This question came up in a recent problem. It basically states: In the limit of $N\gt\gt m \gt\gt 1$ show that $$\frac{\frac{N}{2}!\frac{N}{2}!}{(\frac{N}{2}-m)!(\frac{N}{2}+m)!} \approx \exp\left({-\frac{2m^2}{N}}\right)$$
I'm able to show this approximation by taking the logarithm of the left hand side, using stirling's approximation on the factorials, keeping the lowest order terms and taking the exponential again.
However I would like to show this approximation holds without taking the logarithm and using stirlings approximation.

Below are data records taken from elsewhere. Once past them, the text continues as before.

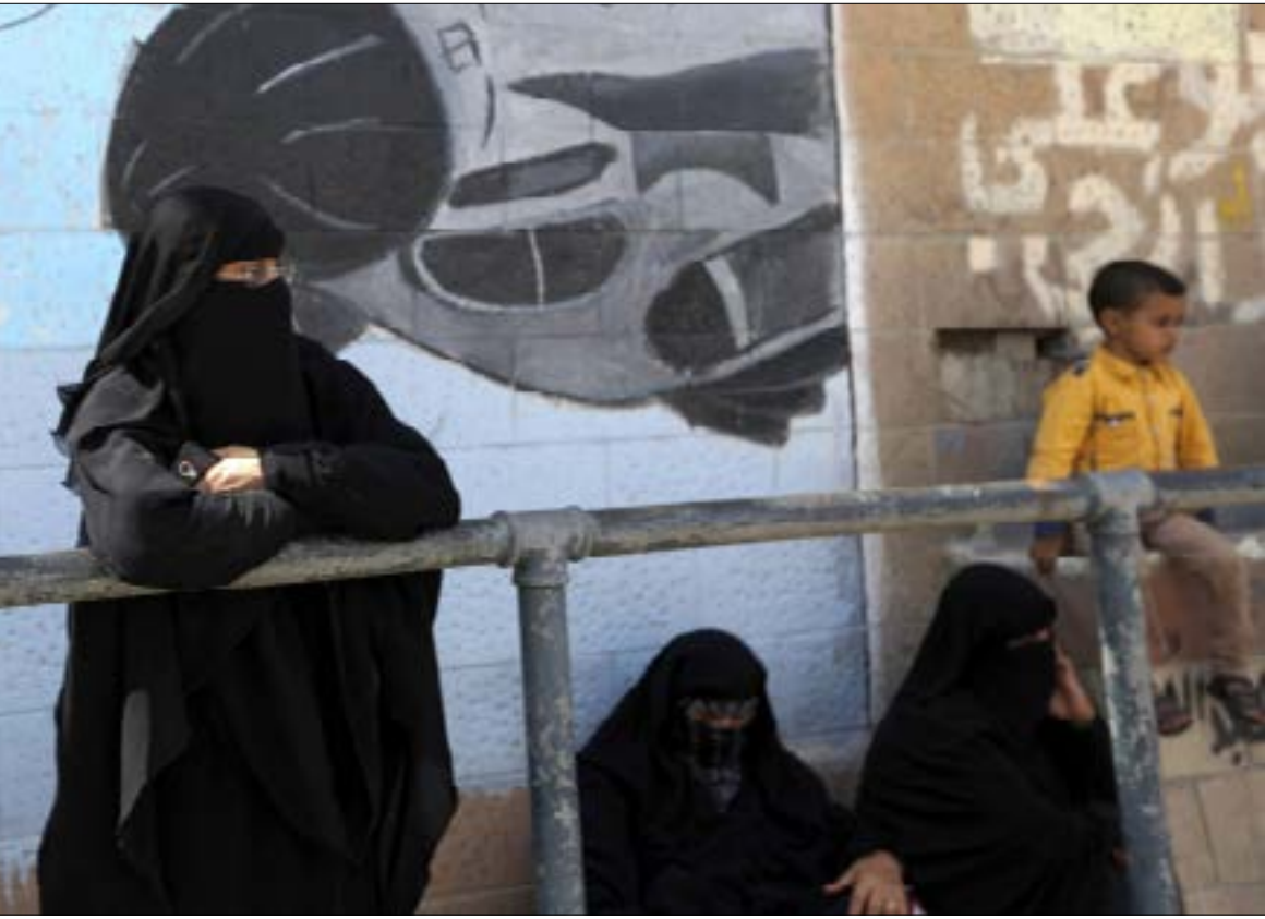
حاوّل السعوديون فصل المقاتلين اليمنيين داخل المملكة عن اتصالهم بالأراضي اليمنية

على الغلاف من كان يتخيل أن تتحوّل الحرب على اليمن إلى الساحة السعودية الداخلية؟ صحيح أن هذه التجربة عاشتها المملكة مع حركة «أنصار الله» سابقاً، لكن ليس بهذا الاتساع أو الصمود على الأرض. نحو عامين ولم تتمكن المملكة إلا من استعادة موقع واحد رغم كل محاولاتها
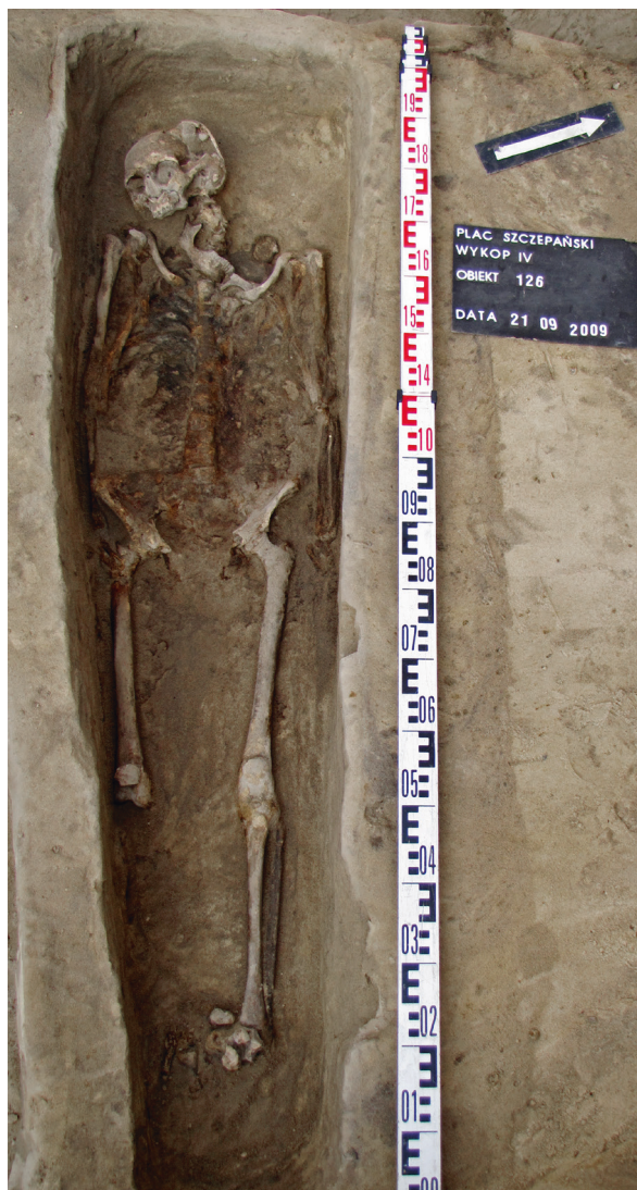
Ryc. 15. Grób nr 13, fot. Bartłomiej Tofel
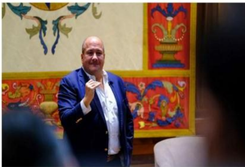
El Gobernador del Estado, Enrique Alfaro Ramírez.

El Gobernador del Estado, Enrique Alfaro Ramírez, presentó ante empresarios de Jalisco las acciones que se han tomado ante la pandemia donde después de dos años se realizó un modelo exitoso de la mano de expertos y dónde se creó una mesa de trabajo permanente para la alerta del COVID-19. Ahí resaltó que el estado fue de los primeros en tomar las decisiones de confinamiento y uso de cubrebocas en áreas públicas.
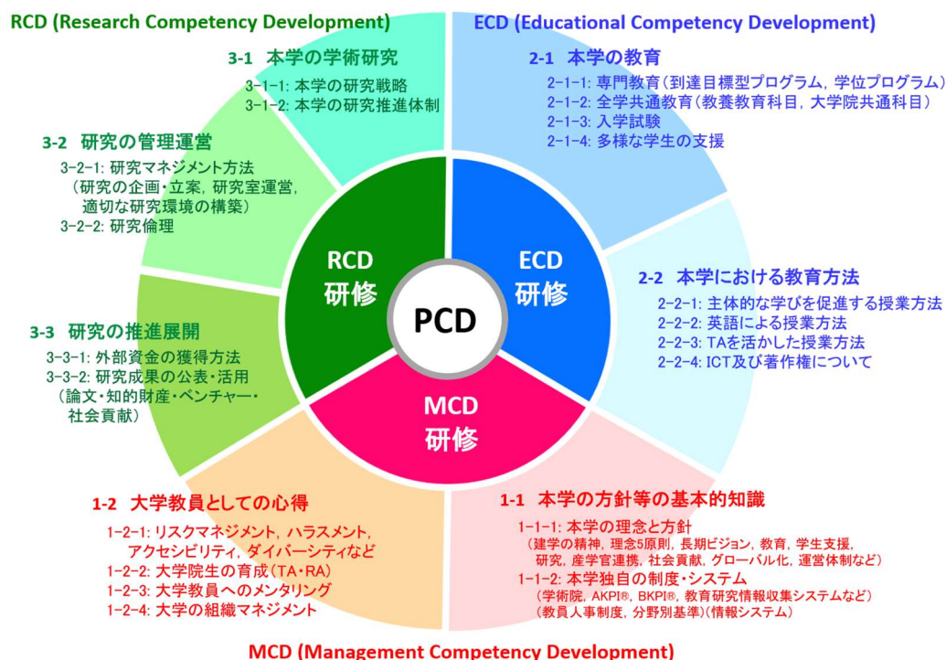
<図 2 本学の PCD (Professional Competency Development) 研修体系>
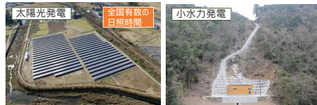
こうち・さかわメガソーラー発電所
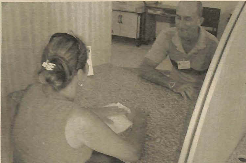
Inscrições podem ser feitas no hall da prefeitura, na segunda e na terça-feira

No total, estão disponíveis 115 vagas para o Ensino Médio e 45 vagas para o Ensino Superior; neste último, o aluno deverá estar cursando pelo menos o quinto semestre. As vagas serão preenchidas durante o ano letivo e o programa tem a validade de um ano.

Simple canceling of common factors gives the expression: $$\frac{\left(\frac{N}{2}\right){}\left(\frac{N}{2}-1\right)...\left(\frac{N}{2}-(m-1)\right)}{\left(\frac{N}{2}+m\right)\left(\frac{N}{2}+(m-1)\right)...\left(\frac{N}{2}+1\right)}$$
Grouping similar terms gave me the following expression: $$\frac{1}{1+\frac{2m}{N}}\prod_{i=1}^{m-1}{\frac{1-\frac{2(m-i)}{N}}{1+\frac{2(m-i)}{N}}}$$
However this is the point where I'm stuck. I tried using binomial approximations on the leading term and the terms in the product and ignoring higher order terms, but I didn't get anything resembling a product/sum approximating an exponential.
Any help would be greatly appreciated.